Ils ? Les producteurs de téléréalité, qui ont le pouvoir de rendre cette télévision moins misogyne s’ils le souhaitent. En excluant définitivement de leurs programmes les hommes violents, d’abord. En castant et filmant les candidates et les candidats de la même manière, ou encore, en mesurant leur responsabilité lors du montage, lorsqu’ils choisissent de diffuser des scènes de violences sexistes aux répercussions dramatiques.
Entretien.
Marie Claire : La téléréalité existe en France depuis plus de vingt ans. A-t-elle toujours été sexiste ?
Valérie Rey-Robert : Oui, la téléréalité est sexiste et elle l’a toujours été. Mais je ne connais pas de productions culturelles – de la peinture aux comédies romantiques – qui ne le soient pas.
Humilier les femmes des classes populaires
À qui s’adressent ces programmes ? Quel message leur livre-t-ils ? Quelle vision des femmes leurs imposent-ils ?
C’est toute la thèse de mon essai : montrer que les téléréalités de coaching (Belle toute nue, Cauchemar en cuisine…), de vie collective (Les Marseillais, Les Anges…), ainsi que celles de dating (Mariés au premier regard, Et si on se rencontrait…) s’adressent aux femmes, et en particulier, à celles des classes populaires, en leur montrant d’autres femmes de classes populaires, voire très populaires.
Le but de ces programmes est de dire à ces spectatrices : « Vous voyez, quand on veut, on peut.
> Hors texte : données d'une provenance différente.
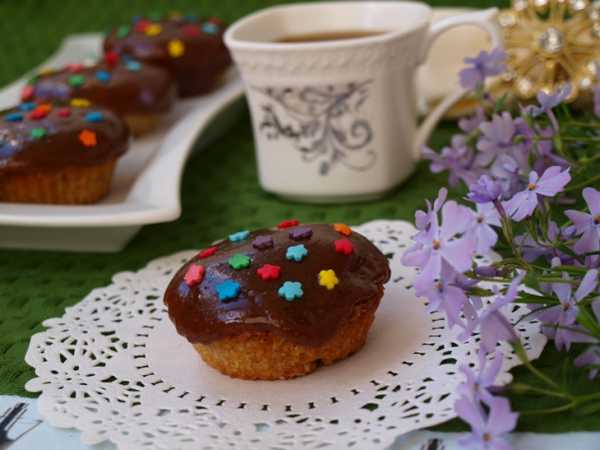 Готовые кексики немного охладим. На вкус они получаются не очень сладкими, овсяная мука немного чувствуется во вкусе.

Donc si vous vous débrouillez bien, si vous faites un beau mariage, ou si vous suivez les conseils de Cristina Córdula [présentatrice d’émissions de relooking et des Reines du Shopping, ndlr], vous pourrez changer de classe sociale, grâce à nous. Parce qu’on la générosité de vous montrer comment on doit s’habiller quand on est riche. Donc faites pareil et ça marchera peut-être pour vous ».
Les téléréalités méprisent ces femmes des classes populaires. Elles sont fondées sur des processus d’humiliation et de moqueries etsoufflent au public : « Regardez comme elles s’habillent mal les femmes des classes pop’, comme elles font mal leur mariage, comme elles élèvent mal leurs enfants ».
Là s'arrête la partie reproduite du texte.